Richard Brooks

Richard Brooks

Lugar de nacimiento: Filadelfia, Pensilvania (Estados Unidos) Cumpleaños: 18 May 1912 Biografía:

Richard Brooks (nacido Reuben Sax en Filadelfia, Pensilvania, el 18 de mayo de 1912) fue uno de esos cineastas del Hollywood clásico que parecían escribir y dirigir con el pulso de un reportero: directo, incómodo cuando hacía falta y siempre atento a los conflictos morales de sus personajes. Antes de consolidarse como director, trabajó como periodista y guionista, y esa mirada “de calle” se nota en su cine: historias de ambición, violencia, hipocresía social y culpa, contadas con una puesta en escena sobria pero muy intensa. Murió el 11 de marzo de 1992 en Beverly Hills (Los Ángeles), California, dejando una filmografía que, vista en conjunto, funciona como un retrato áspero y brillante de la América de mediados del siglo XX.

Su nombre está ligado a varios títulos imprescindibles del cine clásico, casi siempre adaptaciones literarias o teatrales que Brooks convertía en cine de nervio y carácter. En los años 50 firmó Semilla de maldad (1955), uno de los grandes dramas sociales de la época; y en 1958 dirigió dos obras clave: Los hermanos Karamázov (1958), ambiciosa adaptación de Dostoievski, y La gata sobre el tejado de zinc (1958), donde el conflicto emocional se vuelve puro voltaje. En los 60 alcanzó una de sus cimas con El fuego y la palabra (1960) —famosa por su mordacidad y su crítica a la impostura moral— y con Dulce pájaro de juventud (1962), otro golpe de realidad y deseo. También dejó su marca en el western crepuscular con Los profesionales (1966), que combina aventura y cinismo con enorme eficacia.

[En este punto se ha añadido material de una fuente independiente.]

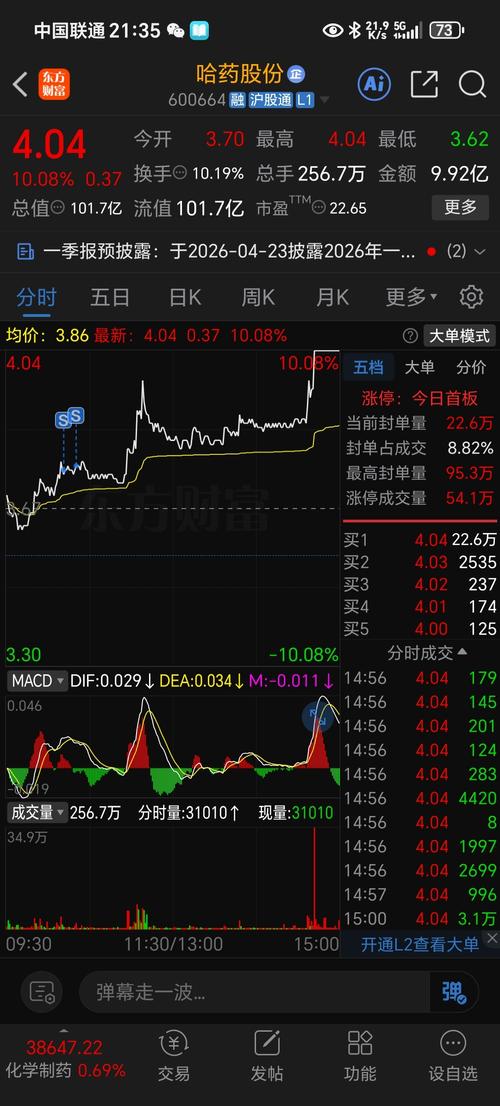 $哈药股份(SH600664)$ 这支票从上周二首板开始关注,今天盯盘盯了它整整一天,仅仅通过观察成交明细,频繁的数万手跳吃扫货,自然回落继续吸筹,主力意图太明显了,后市大有可为。

La etapa final de Brooks confirma su versatilidad y su talento para tensar la cuerda ética de cada historia: Lord Jim (1965) explora honor y cobardía como pocas, mientras que A sangre fría (1967) es una de las grandes adaptaciones criminales del cine, seca, inquietante y sorprendentemente moderna en su tono. Ya en los 70, Buscando al señor Goodbar (1977) reforzó su fama de director incisivo, capaz de mirar de frente la oscuridad bajo la vida cotidiana. En conjunto, sus películas más importantes no solo destacan por sus interpretaciones y su escritura, sino por algo muy Brooks: la sensación de que, detrás del espectáculo, siempre se está juzgando a una sociedad y a sus máscaras.